Using a single sensor to determine the pose estimation of a device cannot give accurate
results. This paper presents a fusion of an inertial sensor of six degrees of freedom (6-DoF) which
comprises the 3-axis of an accelerometer and the 3-axis of a gyroscope, and a vision to determine a
low-cost and accurate position for an autonomous mobile robot. For vision, a monocular vision-based
object detection algorithm speeded-up robust feature (SURF) and random sample consensus
(RANSAC) algorithms were integrated and used to recognize a sample object in several images
taken. As against the conventional method that depend on point-tracking, RANSAC uses an iterative
method to estimate the parameters of a mathematical model from a set of captured data which
contains outliers. With SURF and RANSAC, improved accuracy is certain; this is because of their
ability to find interest points (features) under different viewing conditions using a Hessain matrix.
This approach is proposed because of its simple implementation, low cost, and improved accuracy.

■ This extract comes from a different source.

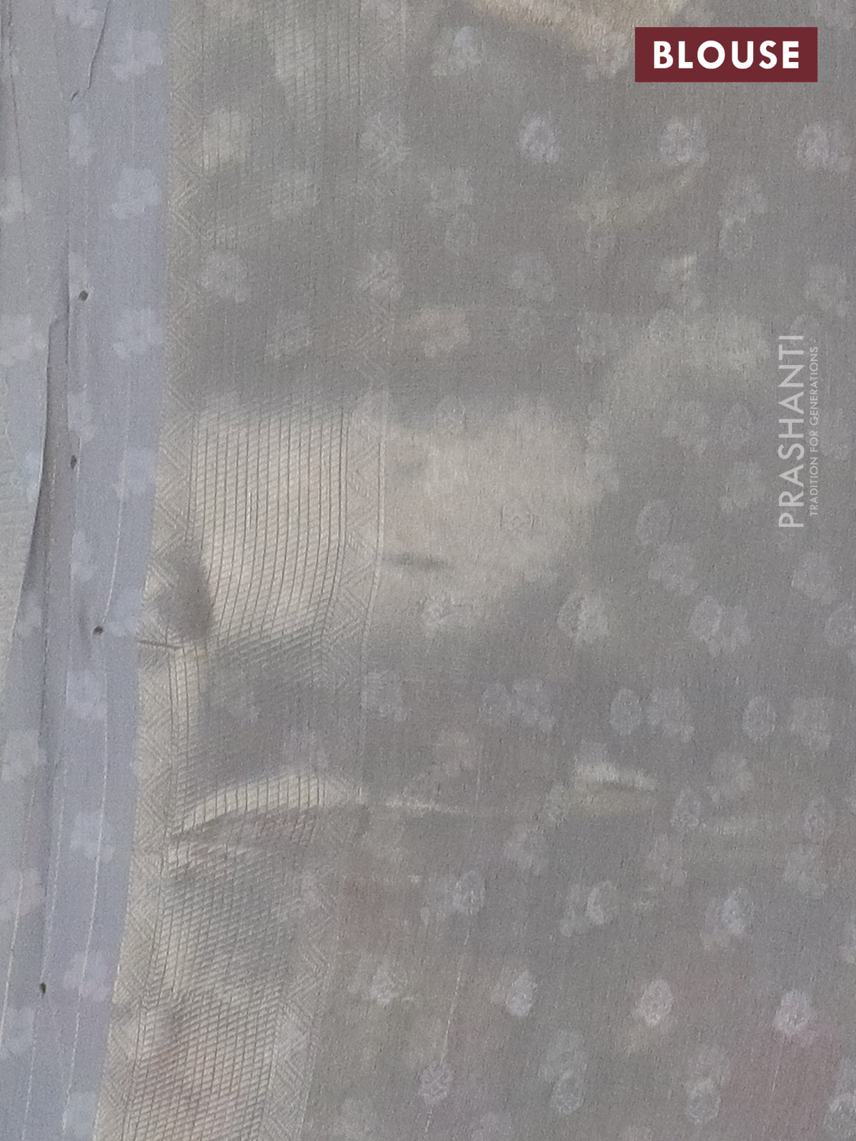 Tissue saree grey shade with allover zari weaves and floral digital printed border

With an extended Kalman filter (EKF), data from inertial sensors and a camera were fused to estimate
the position and orientation of the mobile robot. All these sensors were mounted on the mobile robot
to obtain an accurate localization. An indoor experiment was carried out to validate and evaluate the
performance. Experimental results show that the proposed method is fast in computation, reliable
and robust, and can be considered for practical applications. The performance of the experiments
was verified by the ground truth data and root mean square errors (RMSEs).